Pushed to the peripheries of the world's news agenda, the recent African Union (AU) summit in Addis Ababa still delivered a tectonic shift in the continent's most prominent multilateral body.

Mahmoud Ali Youssouf was elected head of the AU's executive commission to replace the outgoing Moussa Faki from Chad. Youssouf is the first person from the East Africa region to lead the AU Commission, or AUC. Djibouti's foreign minister since 2005, there are few who can match Youssouf's experience.

Still, Youssouf was given an outside chance to win against veteran Kenyan politician Raila Odinga in an election with the mandate that the new leader would come from East Africa,

"The competition was between a politician and a diplomat, and it was very tough. It went to the seventh round of voting," explained DW's Solomon Muchie, who covers the African Union in Addis Ababa.

But Youssouf won the required support of two-thirds of the region's leaders to secure the post and represent some 1.5 billion Africans across the continent.

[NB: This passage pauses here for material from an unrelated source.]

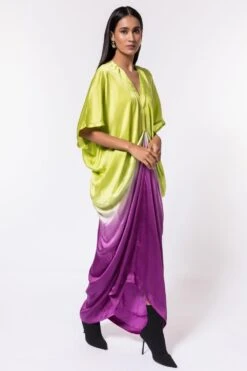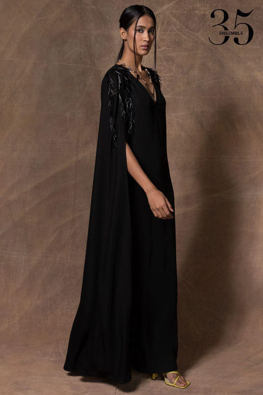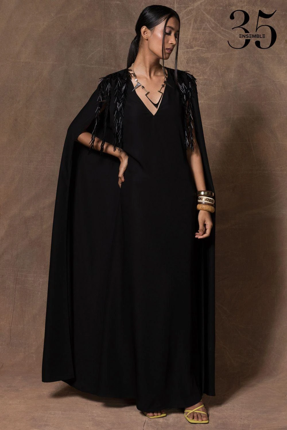 A yearlong celebration of its 35th anniversary telling the story of modern Indian fashion. This black long maxi dress makes glamour look easy & comfortable. It features long cape sleeves & tonal accents on the shoulder.

Algeria's ambassador to the AU, Selma Malika Haddadi beat out competition from Egypt and Morocco.

Youssouf, who speaks Arabic, English and French, now faces the unenviable task of serving an African continent that is seeing as much armed conflict as it did in the post-Cold War era of the 1990s.

"If they are united in thought, they might be able to develop a common agenda, but it's a tall order," says Kenyan analyst Macharia Munene, a professor of history and international relations.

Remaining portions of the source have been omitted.